The Progressive Cellist
8-10 June 2001
David Smith and 
Brenda Blewett, accompanist
Ability quav2.gif (941 bytes) & quav3.gif (976 bytes)

A friendly and informal course


The course is designed to give cellists guidance and encouragement in all aspects of playing and performance technique as well as the benefit of working with a professional accompanist familiar with repertoire. This is especially valuable for students who are preparing for grade examinations, competitions, auditions and recitals.
The participating students should be Grade VI and above, and will have the opportunity to play repertoire of their choice in the performance classes.

There will be discussion sessions dealing with all aspects of the cello Ð teaching problems, concert techniques, instruments, repertoire, career planning, practice technique, stylistic considerations in Bach playing etc.
There will be opportunities for cello ensemble playing, with a joint performance in the final student concert.
A public concert will be given by the tutors on Friday evening. Please see page three for booking details.
Students will participate in a concert on Sunday afternoon.

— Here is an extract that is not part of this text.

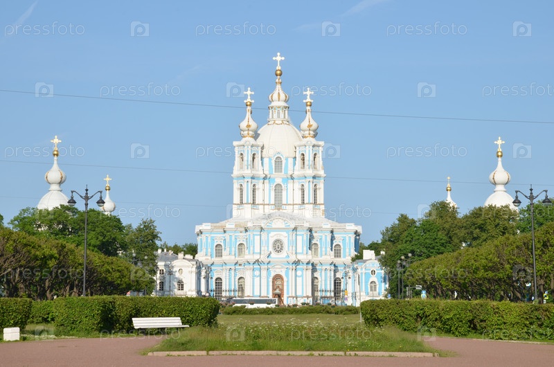 Смольный собор православная церковь в стиле барокко (участник культурного наследия России) в солнечный летний день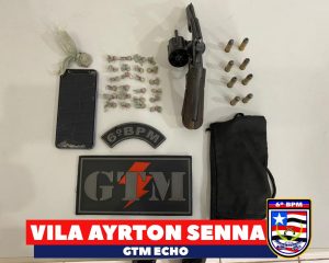 Na manhã desde sábado (06), policiais militares do GTM do 6º BPM realizavam rondas na Vila Ayrton Sena quando avistaram um indivíduo em atitude suspeita. Durante a abordagem foi encontrado com o mesmo um revólver calibre .38 com 8 munições e uma certa quantidade de substância entorpecente.

David Smith was born in London and has lead a varied and unusual musical life. Having studied at the Royal Academy of Music, he then toured with D'Oyly Carte, played in West End shows and in summer seasons on Bournemouth Pier, appeared with numerous baroque and chamber groups, and became the youngest member of the Royal Philharmonic Orchestra at the age of nineteen. He remained with the RPO for five years and then joined a BBC light music string orchestra which featured in the programme 'Grand Hotel'.

He left the BBC to devote his time to chamber music and continuo playing, which lead to performances with Yehudi Menuhin, Neville Marriner, Roger Norrington, John Eliot Gardiner and Paul Steinitz, and to his joining the Alberni String Quartet. In over twenty years as a member of the quartet he has performed in many parts of the world, and has also gained a reputation for his teaching and coaching.

He is professor of Cello and Chamber Music at Chetham's School of Music, and at the Royal Academy of Music, where he also runs the LRAM 'Art of Teaching' course for undergraduate and post-graduate cello students.

He is a Fellow of the Royal Academy of Music and the Royal Scottish Academy of Music and Drama. He plays on a cello made in 1706 by Giovanni Grancino of Milan.

Brenda Blewett read music at Oxford University and then continued at the Royal College of Music, where she studied piano with David Parkhouse and accompaniment with Robert Sutherland and was awarded the Ellen Marie Curtis Prize for her interpretations of Haydn and Mozart. She has since had a busy career as an accompanist and chamber musician, performing in major venues in the U.K., Europe and North America as well as touring extensively in Norway and Sweden. She has given live broadcasts on Classic FM, BBC radio and television and NRK radio in Norway. Brenda is currently an accompanist at Chetham's School of Music in Manchester and a visiting accompanist at the Norwegian State Academy of Music in Oslo. She has made CD recordings on the Simax and Victoria labels and her recording of the Haydn trios for flute, cello and piano was chosen as 'Record of the Month' by the German Music Journal 'Alte Musik Actuell'.